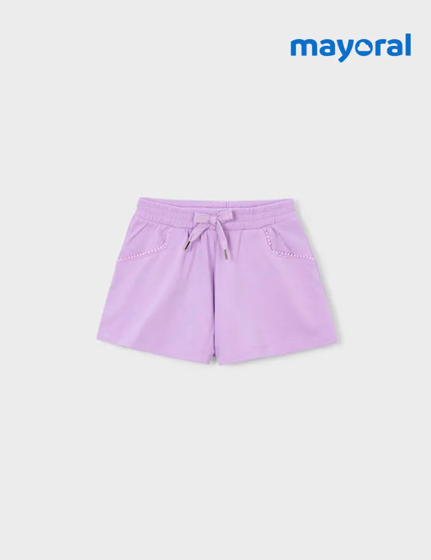 Short de felpa de la marca Mayoral con detalle en bolsillos y cintura elástica. Color lila.
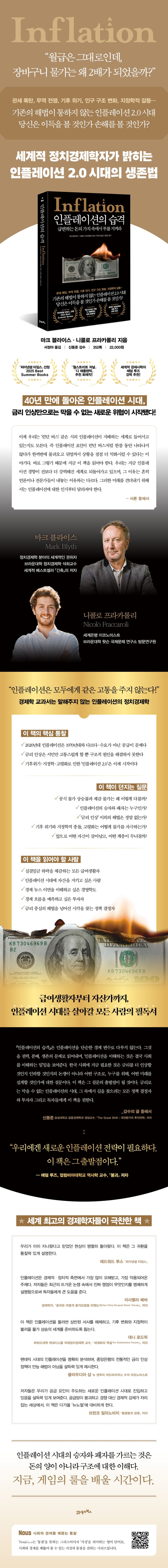 지금 우리에게 필요한 것은 인플레이션에 대한 막연한 두려움이나 해묵은 대응책이 아니라, 그 구조를 정확히 이해하고 전략적으로 대응하는 지혜다. 『인플레이션의 습격』은 급변하는 돈의 가치 속에서 부를 지키고, 새로운 인플레이션 시대를 현명하게 헤쳐나갈 나침반이 되어줄 것이다.
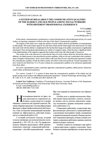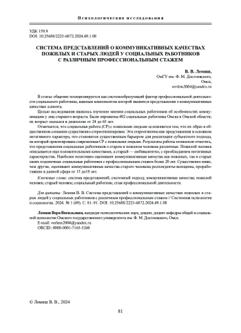 Отмечается, что социальная работа (СР) с пожилыми людьми осложняется тем, что их образ в общественном сознании существенно стереотипизирован. Эти стереотипические представления в основном негативного характера, что становится существенным барьером для реализации субъектного подхода, на который ориентирована современная СР с пожилыми людьми. Результаты работы позволили отметить, что представления социальных работников о старом и пожилом человеке различные. Пожилой человек описывается еще положительными качествами, а старый - амбивалентно, с преобладанием негативных характеристик. Наиболее позитивно оценивают коммуникативные качества как пожилых, так и старых своих подопечных социальные работники с профессиональным стажем более 20 лет. Существенно ниже, чем другие, оценивают коммуникативные качества старого человека респонденты-женщины, проработавшие в данной сфере от 15 до19 лет.
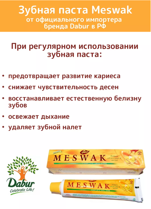 Зубная паста без фтора от фирмы «Dabur» мягко очищает поверхность зубов от зубного налета и различных бактерий, оказывает легкий массажный эффект десен. Зубная паста, изготовленная по аюрведической формуле на основе трав, устраняет кариес, защищает десны и зубы от различных болезней, оставляет приятный запах во рту, имеет сладкий вкус аниса.

- [Exercise details]
Write out the material exactly as it stands, omitting every picture.

- [Output]
 Short de felpa de la marca Mayoral con detalle en bolsillos y cintura elástica. Color lila.
 지금 우리에게 필요한 것은 인플레이션에 대한 막연한 두려움이나 해묵은 대응책이 아니라, 그 구조를 정확히 이해하고 전략적으로 대응하는 지혜다. 『인플레이션의 습격』은 급변하는 돈의 가치 속에서 부를 지키고, 새로운 인플레이션 시대를 현명하게 헤쳐나갈 나침반이 되어줄 것이다.
 Отмечается, что социальная работа (СР) с пожилыми людьми осложняется тем, что их образ в общественном сознании существенно стереотипизирован. Эти стереотипические представления в основном негативного характера, что становится существенным барьером для реализации субъектного подхода, на который ориентирована современная СР с пожилыми людьми. Результаты работы позволили отметить, что представления социальных работников о старом и пожилом человеке различные. Пожилой человек описывается еще положительными качествами, а старый - амбивалентно, с преобладанием негативных характеристик. Наиболее позитивно оценивают коммуникативные качества как пожилых, так и старых своих подопечных социальные работники с профессиональным стажем более 20 лет. Существенно ниже, чем другие, оценивают коммуникативные качества старого человека респонденты-женщины, проработавшие в данной сфере от 15 до19 лет.
 Зубная паста без фтора от фирмы «Dabur» мягко очищает поверхность зубов от зубного налета и различных бактерий, оказывает легкий массажный эффект десен. Зубная паста, изготовленная по аюрведической формуле на основе трав, устраняет кариес, защищает десны и зубы от различных болезней, оставляет приятный запах во рту, имеет сладкий вкус аниса.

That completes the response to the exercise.